Magnetic Resonance (MR) images can be considered as multispectral images so that MR imaging can be processed by
multispectral imaging techniques such as maximum likelihood classification. Unfortunately, most multispectral imaging
techniques are not particularly designed for target detection. On the other hand, hyperspectral imaging is primarily
developed to address subpixel detection, mixed pixel classification for which multispectral imaging is generally not
effective. This paper takes advantages of hyperspectral imaging techniques to develop target detection algorithms to find
lesions in MR brain images. Since MR images are collected by only three image sequences, T1, T2 and PD, if a
hyperspectral imaging technique is used to process MR images it suffers from the issue of insufficient dimensionality.

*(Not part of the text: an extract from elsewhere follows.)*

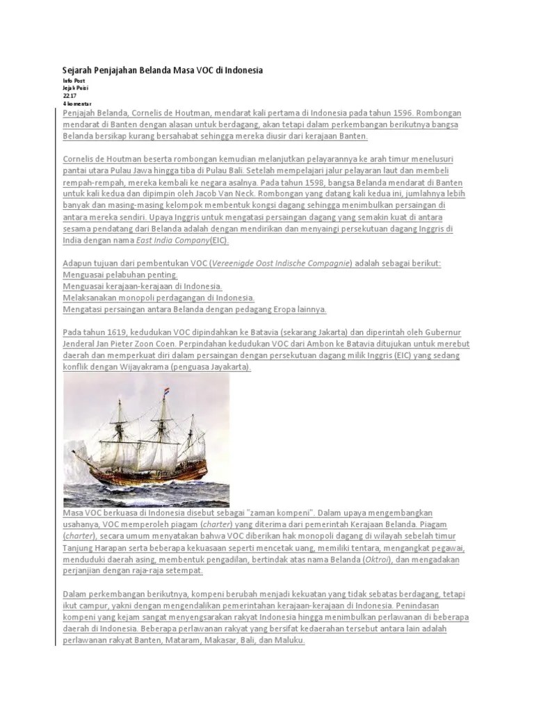 Indonesia adalah negara yang kaya akan sumber daya alam. Tujuan pembentukan voc tidak lain adalah menghindarkan persaingan antar pengusaha belanda jenderal voc antara lain: Sejarah berdirinya voc (vereenigde oostindische compagnie). Vereenigde oostindische compagnie (voc) merupakan serikat dagang yang dibentuk oleh belanda voc yang didirikan pada 1602 ini adalah salah satu perserikatan dagang yang paling sukses di abad. Tujuan dibentuknya voc adalah untuk menghindari persaingan tidak sehat diantara para pedagang belanda.

To address this issue, two approaches to nonlinear dimensionality expansion are proposed, nonlinear correlation
expansion and nonlinear band ratio expansion. Once dimensionality is expanded hyperspectral imaging algorithms are
readily applied. The hyperspectral detection algorithm to be investigated for lesion detection in MR brain is the well-known
subpixel target detection algorithm, called Constrained Energy Minimization (CEM). In order to demonstrate the
effectiveness of proposed CEM in lesion detection, synthetic images provided by BrainWeb are used for experiments.